Freeport-McMoRan Copper and Gold


engages in the exploration, mining and production of copper, gold and silver. It has been rated buy since July 2005. Despite a correction in copper prices in July, the long-term industry outlook remains strong, supported by the growing industrialization of China and India. The company's acquisition of Phelps Dodge resulted in a more than threefold year-on-year growth in revenue for the second quarter, to $5.81 billion.

Freeport-McMoRan has ongoing significant development activities to expand its copper production, extend mine lives and develop large-scale underground ore bodies. The stock is not risk-free, however. Any unexpected slowdown in copper demand could lead to an inventory pileup and result in lower copper prices. This, when coupled with higher cost of consumables and energy, could further build pressure on Freeport's operating margin and affect its profitability.

Precision Castparts


, which makes complex metal components and products for the aerospace and industrial gas turbine industries, has been rated buy since August 2005. The company has recently made acquisitions expanding its casting, forging and fastener product offerings, and these should fuel revenue growth. Precision's net income has also been increasing as a result of strong top-line growth combined with an improvement in operating margin and a lower interest expense.

Because Precision depends on the aerospace industry for its top-line growth, any slowdown in that industry could lead to reduced demand for its products. Other possible concerns include fluctuations in the prices of basic materials and any unseen difficulty in integrating recent acquisitions.

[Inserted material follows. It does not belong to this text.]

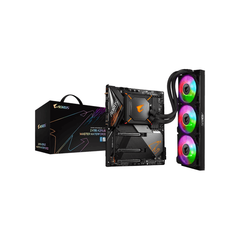 Gigabyte Z490 Aorus Master Waterforce + Wifi : all-in-one LGA1200 (coMet lake) mb - with CPU+VRM liquid cooler 360 ( 394x119x27mm radiator with 3x120mm ARGB fans ) + thermal baseplate , 14+1 phase digital VRM , pre-mounted I/O shield with thermal armor + RGB Fusion 2.0 with on-board RGB display (...

Air Products and Chemicals


, a chemical and gas producer, has been rated buy since August 2005, on the basis of the company's strong revenue growth, increasing net income, expanding operating margin and improved return on equity. In July, Air Products and Chemicals said that third-quarter sales surged 15.6% to $2.6 billion compared with the same period last year. Earnings climbed 35.5% to $284.9 million, or $1.28 a share, in the quarter, sparked by higher sales volume and expanding operating margins.

Return on equity for the quarter improved 136 basis points to 16.61%, primarily due to the increase in net earnings. Risks to the buy rating include challenges associated with integrating acquisitions and an unfavorable effect of currency fluctuation.